I came to in a postsurgery recovery room. Cold. I was so cold. I had never been so cold. My legs would have to be amputated, they would not survive, the frostbite was turning my skin to wax.
I sensed someone beside me. “Blanket,” I tried to tell them. It came out mush. “Bl-shhh-ont.”
The person leaned down. “Caroline?” Will’s voice. Soft, worried. He laid a hand on top of mine.
Noooo.
I wanted to turn my head away. It would not obey. “Blanket,” I said again.
He would not listen. “Caroline. It’s me. Everything went fine. You’re going to be fine.”
Something scratchy was wrapped around my neck, the only part of me that was warm. I willed myself to go under again, to sleep.
Thirty-four
* * *
SUNDAY, OCTOBER 27, 2013
They only kept me in the hospital for one night.
The surgery had gone beautifully. The bullet had popped—Dr. Gellert pursed his lips and made a loud pop as he recounted this to me—popped right out.
“Like squeezing a boiled tomato from its skin,” he added, clearly pleased with himse
lf. “Big old thing. Half an inch long.” He held up his thumb and forefinger in approximation.
“Where is it?”
“I cleaned it up, sealed it in a sterile envelope. Handed it to the police myself.” His fingers were sliding up and down a Perspex clipboard, rising and then striking the edge as if it were the keys of a baby grand. “They rushed the bullet straight to the lab. It was an Atlanta cop who turned up to get it. Flew up here specifically for that purpose, warned me not to let DC police anywhere near it.” Gellert eyed me with curiosity, but did not ask.
I nodded. Tried to nod. The bandages made it impossible to move.

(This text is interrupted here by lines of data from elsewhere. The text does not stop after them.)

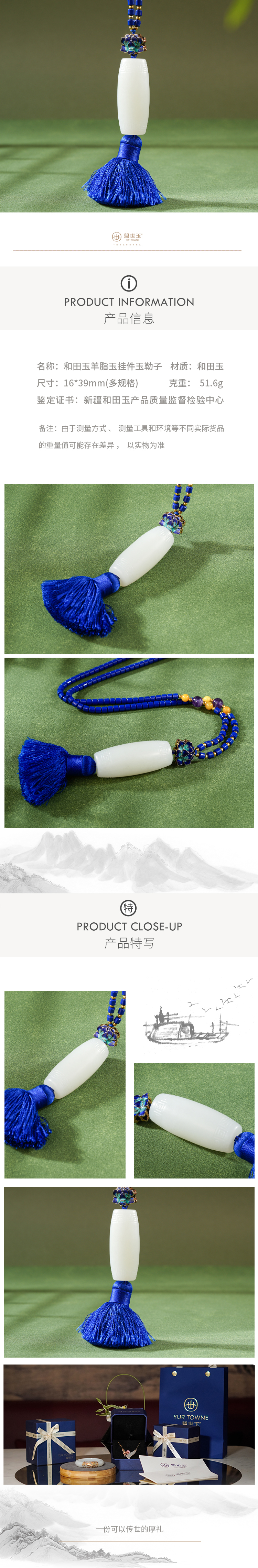 「一口价」新疆国玉盟世玉【瑞韵锦纹】和田玉羊脂玉挂件玉勒子【带证书·顺丰物流】
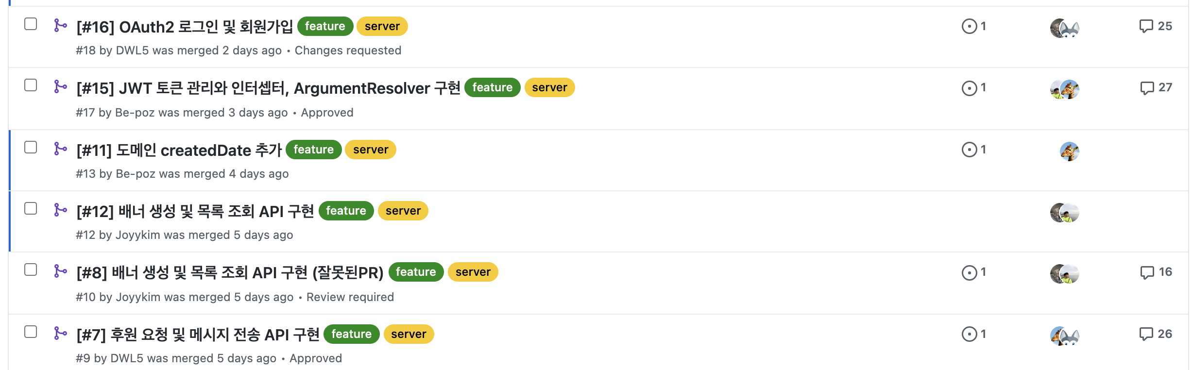 그리고 서로의 pr을 코드리뷰 하고 반영이 되면 merge를 한다!
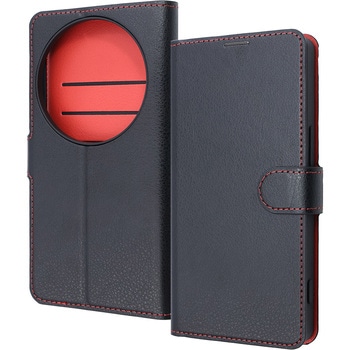 AQUOS R9 pro Like standard 耐衝撃 マグネットベルト シンプル 手帳型レザーケース / ブラック_レッドレイ・アウト
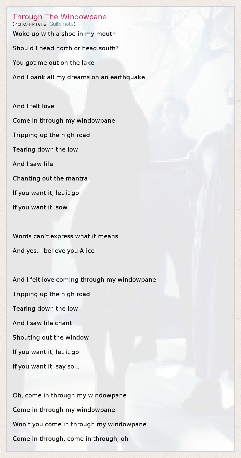 Woke up with a shoe in my mouth Should I head north or head south? You got me out on the lake And I bank all my dreams on an earthquake And I felt love Come in through my windowpane Tripping up the high road Tearing down the low And I saw life Chanting out the mantra If you want it, let it go If you want it, sow Words can't express what it means And yes, I believe you Alice And I felt love coming through my windowpane Tripping up the high road Tearing down the low And I saw life chant Shouting out the window If you want it, let it go If you want it, say so... Oh, come in through my windowpane Come in through my windowpane Won't you come in through my windowpane Come in through, come in through, oh
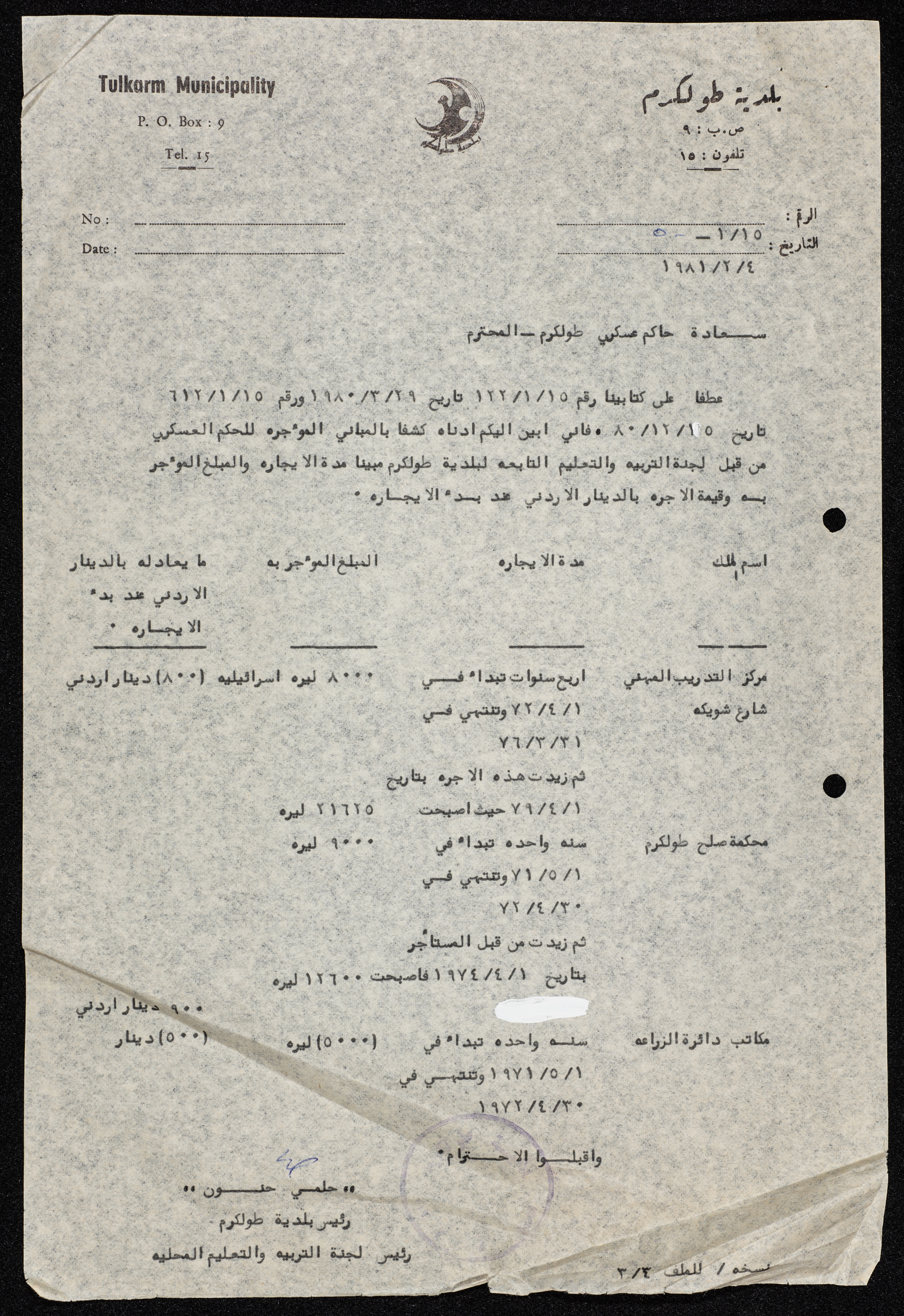 Ozrail, Samar, "The Tulkarm Municipality Collection", archival collection, 20 January – February 2019, the Palestinian Museum Digital Archive.

“At any rate, the headline is—we got it out. You did great. The incision on the back of your neck is less than two inches wide. You’ll have a scar, but it’ll fade, and your hair will cover it.”
“I don’t care about that. What about my—my spinal cord? Will I have full range of movement?” At the moment I felt no pain at all, but I was pumped so full of painkillers that it was hard to say whether that meant much.
“We’ll have to wait until the swelling subsides. And it will take time for everything internally to knit back together. But so far, so good. I’ll see you tomorrow, in my regular office, to check the stitches and make sure everything’s draining properly.”
At my parents’ house, they had made up a bed in the living room so I wouldn’t have to climb the stairs. All afternoon I dozed. Dad sat vigil in an armchair by the window, answering e-mails and cursing at the New York Times crossword puzzle. Hunt lay flopped across his feet. Mom wandered in and out, inventing ways to make herself useful. I was hungry. Starving. I had been forbidden from consuming anything except liquids until I either produced a bowel movement or passed gas. I achieved this milestone—the latter—as twilight fell. I felt undignified, to say the least. But I was rewarded with crackers and a cup of Mom’s homemade beef noodle soup.